(What the task requires):
From the first line to the last, restate the material word for word; pictures stay out.
BEGIN Stored data
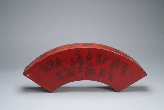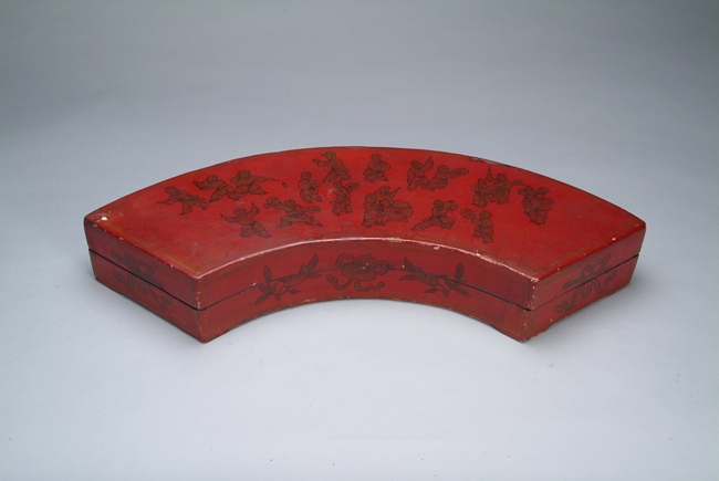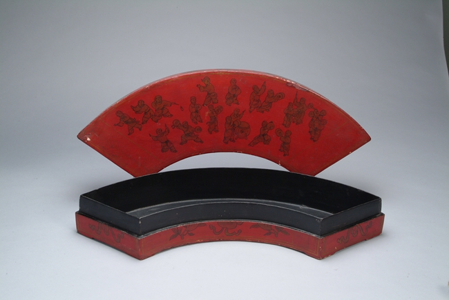 The box is shaped like a fan, with many playful children on the top lid; flower patterns on the edges.
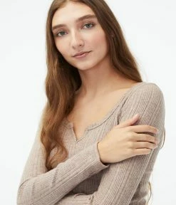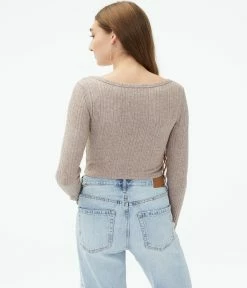 Aeropostale Women’s Long Sleeve Notch-Neck Cropped Shrunken Tee
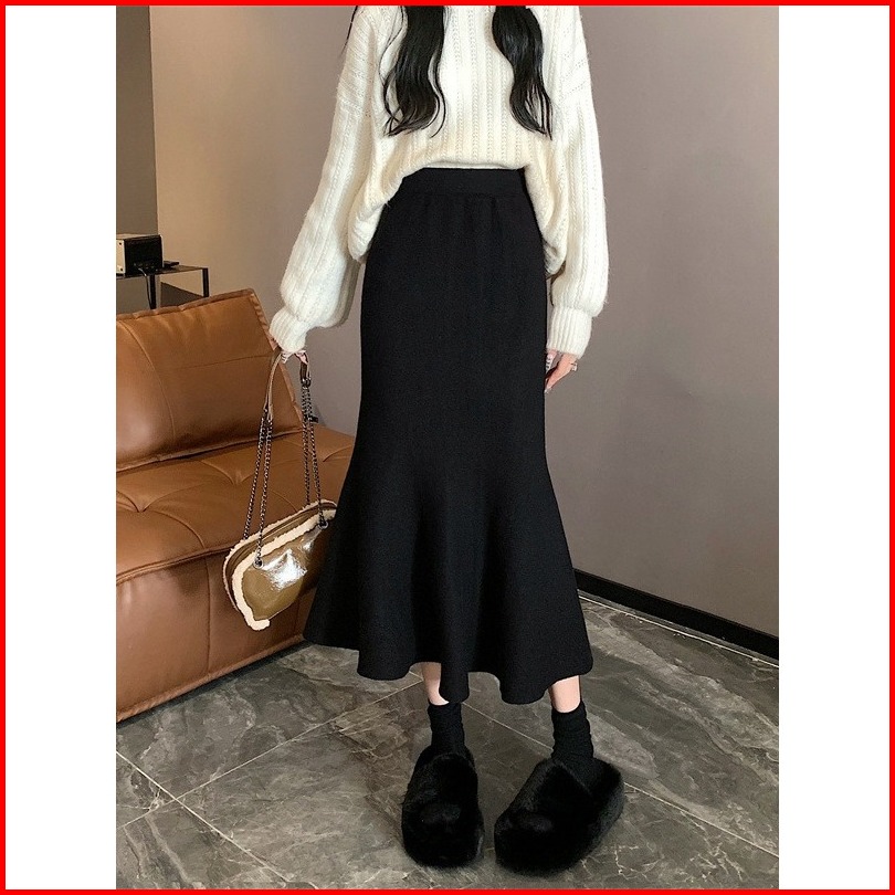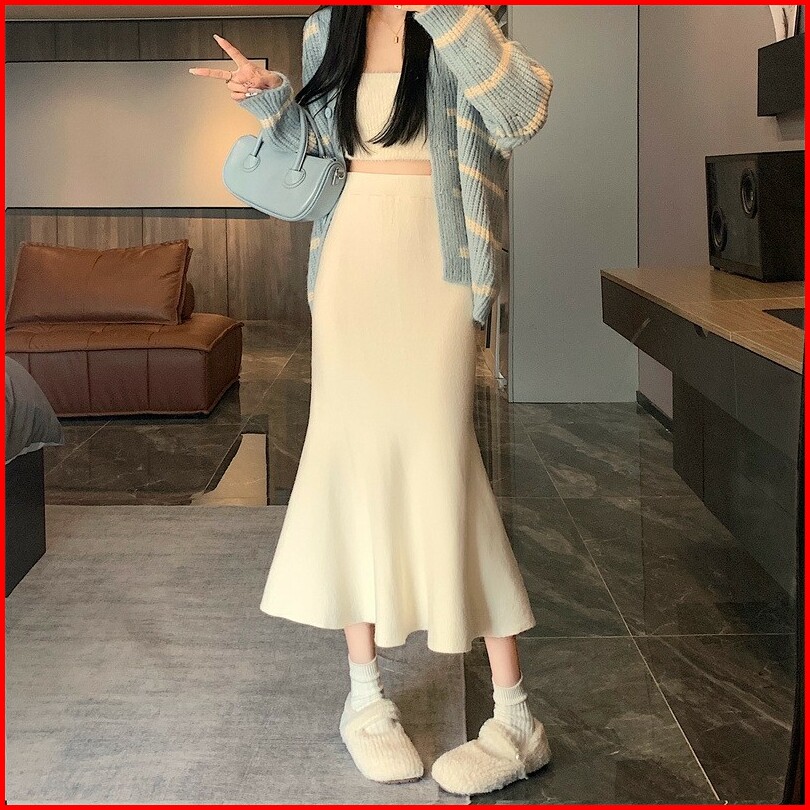 Ajw Rok Wanita Kekinian Duyung Knit Premium Zac Rok Duyung Mermaid Knit Premium Rok Midi Casual Mermaid Knit Premium
END Stored data
(Task solution):
 The box is shaped like a fan, with many playful children on the top lid; flower patterns on the edges.
 Aeropostale Women’s Long Sleeve Notch-Neck Cropped Shrunken Tee
 Ajw Rok Wanita Kekinian Duyung Knit Premium Zac Rok Duyung Mermaid Knit Premium Rok Midi Casual Mermaid Knit Premium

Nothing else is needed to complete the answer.